- Born: 1922
- Died: January 26, 2001 Barbados
- Citizenship: Canadian
- Education: McGill University University of California, Berkeley
- Spouse: Michael Marsden
- Children: John Marsden, Katy Marsden, Mungo Marsden, and Henry Marsden
- Scientific career
- Fields: zoology
- Institutions: McGill University
- Thesis: Studies of embryonic and larval development in California Phoronidea (1951)

= Joan Marsden =

Canadian zoologist (1922–2001)

Joan Chauvin Marsden (née Rattenbury; 1922 – January 26, 2001) was a professor of zoology, chair of the zoology department at McGill University, president of the Canadian Society of Zoologists, and director of the Bellairs Institute in Barbados.

She studied the ecological, physiological, and neurobiological perspectives of the polychaete worm and (co-)authored more than 40 publications, at least 15 of which from her time at the Bellairs Institute.

== Early life and education ==
Marsden completed her Bachelor of Science (1943) and Master of Science (1944) at McGill University. She then went on to earn a PhD at the University of California, Berkeley in 1951.

== Research and career ==
Marsden returned to McGill and spent more than 60 total years at the university. Her first appointment was a role as lecturer in the department of zoology and she quickly climbed the academic ladder during a time when there were few female scientists at McGill.

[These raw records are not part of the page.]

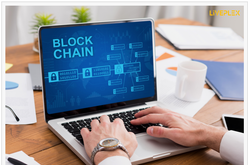
Web3.0 Finance with Liveplex
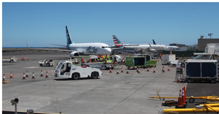
A number of improvements are coming to the airport in Kona.

Or send your email address to seninouye@capitol.hawaii.gov
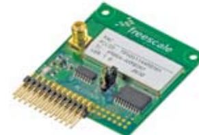
802.15.4 RF Transceiver
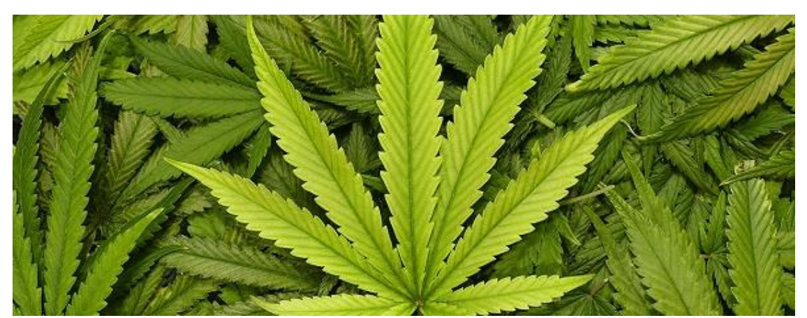
The Government of Saskatchewan has released the results of the province's online cannabis survey.

The government conducted the online survey from September 8 to October 6, 2017, to collect insight from residents to help shape cannabis legalization within Saskatchewan. The online survey received 34,681 responses – the most of any survey the province has previously conducted – indicating that Saskatchewan residents have a lot to say about cannabis legalization in the province. Respondents provided valuable information which is being used to help guide Saskatchewan's approach to cannabis legalization.
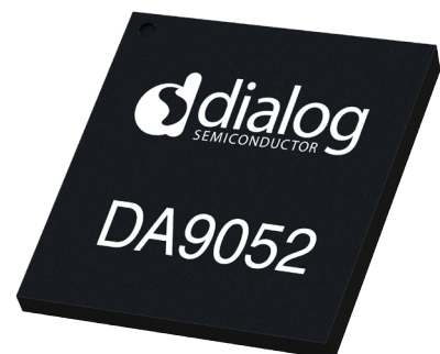
VFBGA 7 mm x 7 mm, 0.5 mm pitch package

An integrated 10-channel general purpose ADC includes support for a touch screen controller with pen down detect, programmable high/low thresholds, an integrated current source for resistive measurements, and system voltage monitoring with a programmable low voltage warning. The ADC has 8-bit resolution in auto mode and 10-bit resolution in manual conversion mode.
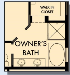
OPTIONAL SLIP IN TUB WITH SEPARATE SHOWER AT OWNER'S BATH
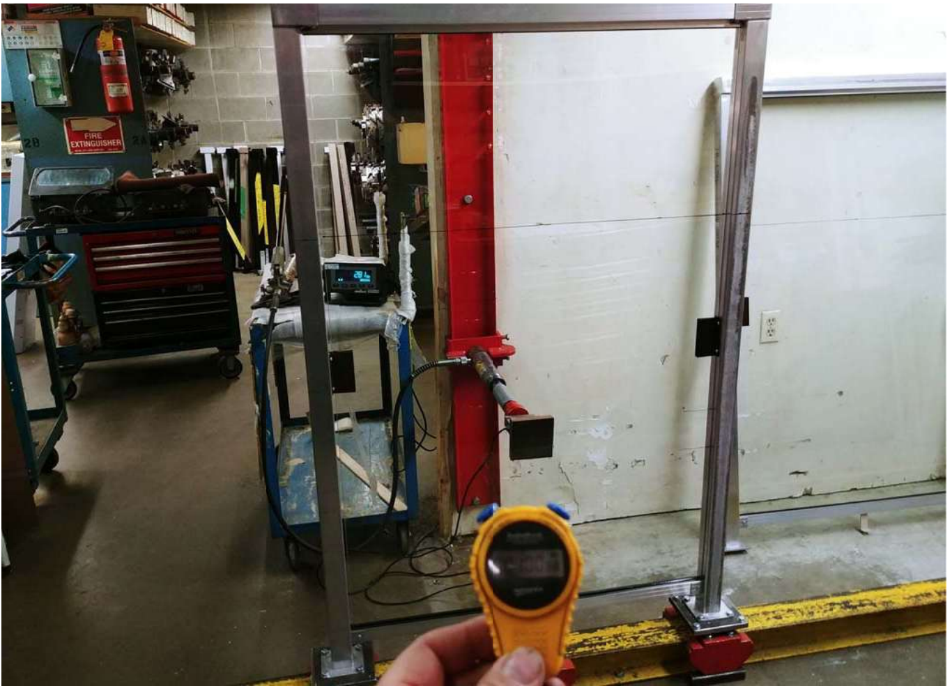
Test: Individual Elements
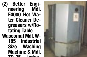
(2) Better Engineering Mdl. F4000 Hot Water Cleaner Degreasers w/Rotating Table Wascomat Mdl. W-185 Industrial Size Washing Machine & Mdl. TD-75 Industrial Dryer, For Rugs, Seat Covers, Etc. 42" Shop Fans Several 36" Pedestal Fans Snap On Mdl. WB-250-Air Computer Wheel Balancer & Weight Kit Tire Inflation Gauge Tronair Mdl. 14-6801-0120 Pneumatic Tire Bead Breaker Wet Dry Shop Vacs
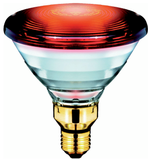
LPPR IRINPHI E27 PAR38
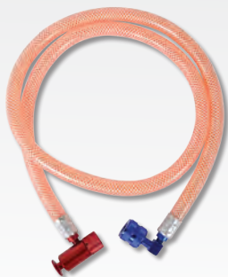
Boost Juice Inject Part# 992
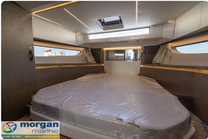
Jeanneau Merry Fisher 1295 Flybridge - forward cabin with double berth
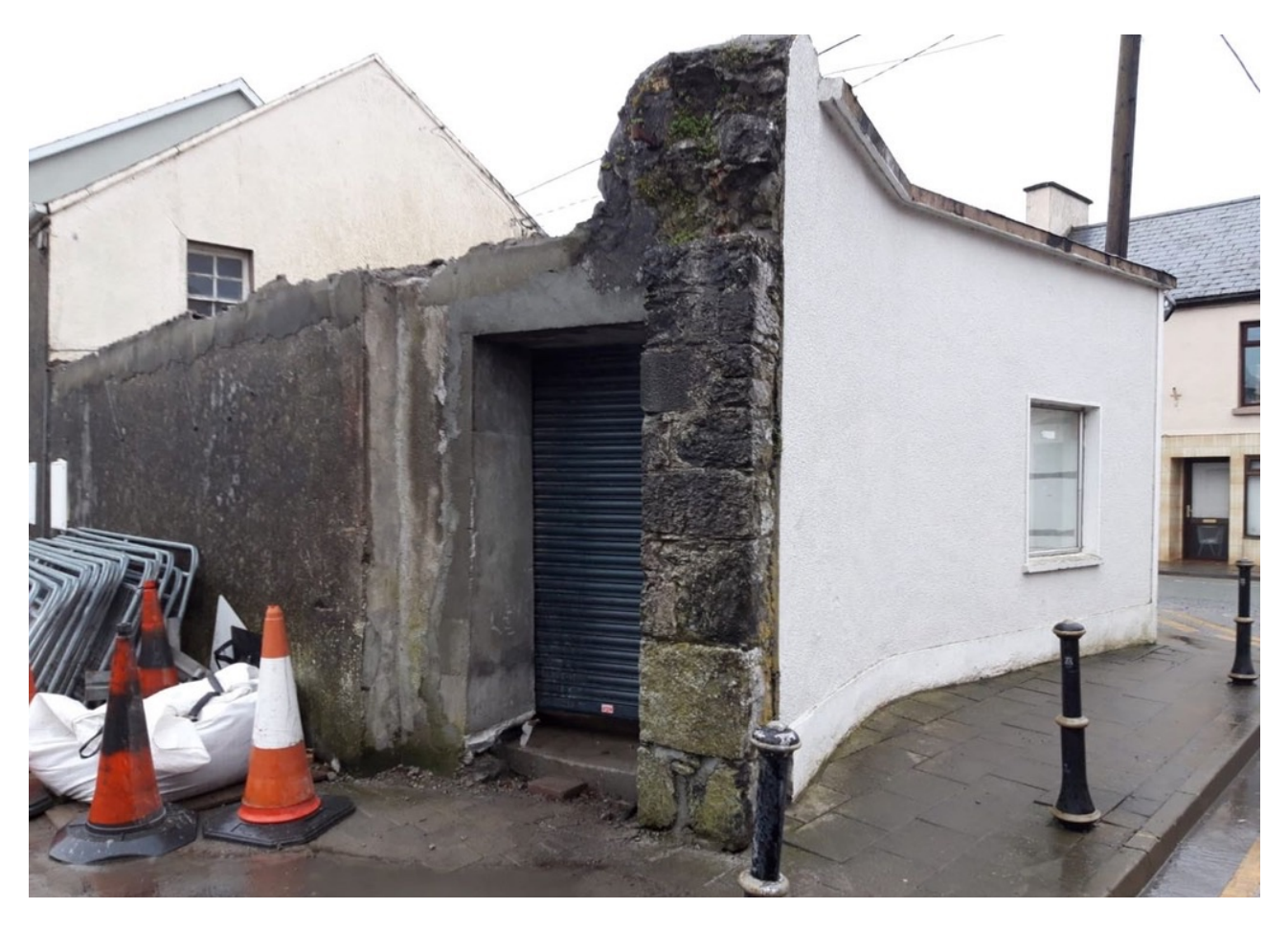
Plate 05: View from Crank Road of south gable with splayed detail in plan and evidence of former cut stone masonry arch and recent addition of door opening (February, 2020)
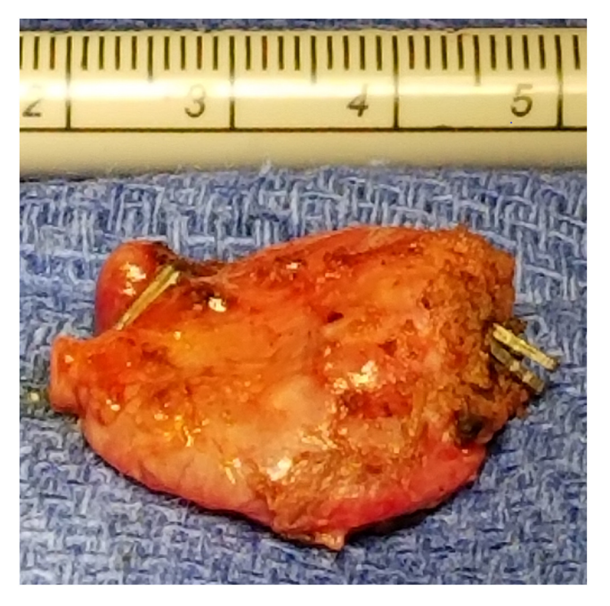
Fig. 4. Duplicate gallbladder post-resection. The duplicate gallbladder was resected in its entirety intact with the surgical clips denoting the origin of the duplicated cystic artery and duct.

The modern classification by Harlaftis takes embryological origin into consideration. Type 1 duplicate gallbladders arise from the same primordium but split later in development. These Type 1 gallbladders can often be identified by a common cystic duct that drains both gallbladders. The septate gallbladder is a single cystic structure separated into two by an involuting wall, though both gallbladders are joined at the base where they drain into a single cystic duct. In V-shaped variants the two gallbladders each have cystic ducts, which drain at a shared point along the common bile duct. In Y-
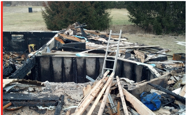
TUDOR RESIDENCE AFTER FIRE DAMAGES

Upon initial inspection, the structure was ruled a total loss, needing full reconstruction efforts to meet current code requirements.
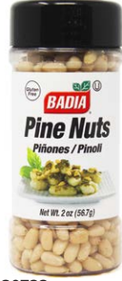
PINE NUTS - 80733 8/2 OZ
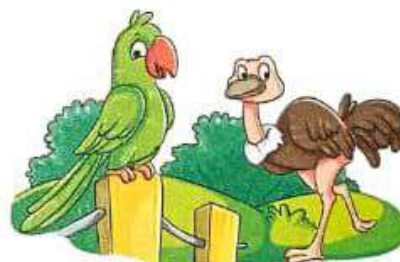
parrot and ostrich

Shortly after the 1954 founding of the Bellairs Institute, Marsden and fellow zoologist John Lewis were the first McGill professors to exploit the research opportunities the Caribbean institute had to offer. She traveled there almost yearly to conduct her research.

As chair of the Zoology Department, Marsden was instrumental in the creation of the Biology department through the fusion of the Departments of Zoology, Botany, and Genetics in 1969.

Marsden served as president of the Canadian Society of Zoologists from 1980 to 1981. Marsden retired from McGill in 1987. To honor her legacy and perpetuate her memory, her colleagues established the Joan Marsden Lectures in Organismal Biology.

== Select publications ==

- Marsden, J. R. (1962). "A coral-eating polychaete". Nature 193: 598.
- Marsden, J.R. (1988). "Light responses of planktotrophic larvae of the serpulid polychaete Galeolaria caespitosa." Mar. Biol. 99: 397-407.
- Marsden, J. (1987). "Coral preference behaviour by planktonic larvae of Spirobranchus giganteus corniculatus (Serpulid: Polychaeta)." Coral Reefs 6: 71-74.
- Marsden, J. and Hsieh, T. (1987). "Ultrastructure of the eyespot in three polychaeta trochophore larvae (Annelida)." Zoomorphology 106: 361-368.
- Marsden, J.R. (1986). Response to light by trochophore larvae of Spirobranchus giganteus: Effects of level of irradiance, dark adaptation and spectral distribution." Mar. Biol. 93: 13-16.
- Marsden, J.R. and Hassessian, H. (1986). Effects of Ca++ and catecholamines on swimming cilia of the trochophore larva of the polychaete Spirobranchus giganteus." J. Exp. Mar. Biol. Ecol. 95: 245–255.
- Marsden, J. R. (1990). "Light responses of the planktotrophic larva of the serpulid polychaete Spirobranchus polycerus". Marine Ecology Progress Series. 58 (3): 225–233. ISSN 0171-8630.

== Death ==
Marsden died unexpectedly at the age of 78 in the Barbados.